Understanding Consistency Tests

Since Oxy is built for data analysis, consistency tests are optimized for numerical data and analytical insights. The evaluator intelligently handles common data analysis scenarios:

What Gets Ignored (Not Considered Errors)

Numerical Rounding (< 0.1% difference):
  • $1,081,396 vs $1,081,395.67 ✅ Consistent
  • $1,065,619 vs $1,065,618.90 ✅ Consistent
  • Different database precision settings
  • Rounding from visualization tools
Grammar & Style Variations:
  • "Revenue amounts to $1M" vs "Revenue amount to $1M" ✅ Consistent
  • Different phrasing of the same insight
  • Synonym usage in descriptions
Formatting Differences:
  • Date formats, number formatting, whitespace

What Actually Fails Tests

Material disagreements like:
  • $500,000 vs $450,000 ❌ (10% difference)
  • "Sales increased" vs "Sales decreased" ❌ (contradictory)
  • Different conclusions or incompatible recommendations
This approach ensures your tests focus on factual correctness while being practical about data analysis realities.
See the default logic: The built-in consistency evaluator uses a detailed prompt optimized for data analysis. You can view the full default prompt to understand exactly how it evaluates consistency.

Customizing Evaluation Logic

For specific use cases, you can customize how consistency is evaluated by providing a custom prompt:
tests:
  # Default behavior - uses built-in smart evaluator
  - type: consistency
    n: 10
    task_description: "How many hours do I sleep on average?"

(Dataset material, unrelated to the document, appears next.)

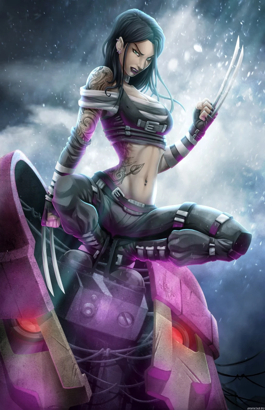 На картинке изображен персонаж с чертами, напоминающими X-23 из комиксов о Людях Икс. Она показана в динамической позе, возможно, в боевой одежде, и есть ощущение движения, предлагаемое ее позицией и расположением персонажа относительно роботизированных элементов на заднем плане.

  # Financial data - strict exact matching
  - type: consistency
    n: 10
    task_description: "What is our Q4 revenue?"
    prompt: |
      Financial data requires exact precision.
      Task: {{ task_description }}
      Submission 1: {{ submission_1 }}
      Submission 2: {{ submission_2 }}

      CONSISTENT (A) only if numbers match exactly.
      Answer A or B.

  # Trend analysis - focus on direction, not exact numbers
  - type: consistency
    n: 10
    task_description: "What's the sleep quality trend?"
    prompt: |
      Evaluate if these describe the same overall trend.
      Ignore exact percentages, focus on direction.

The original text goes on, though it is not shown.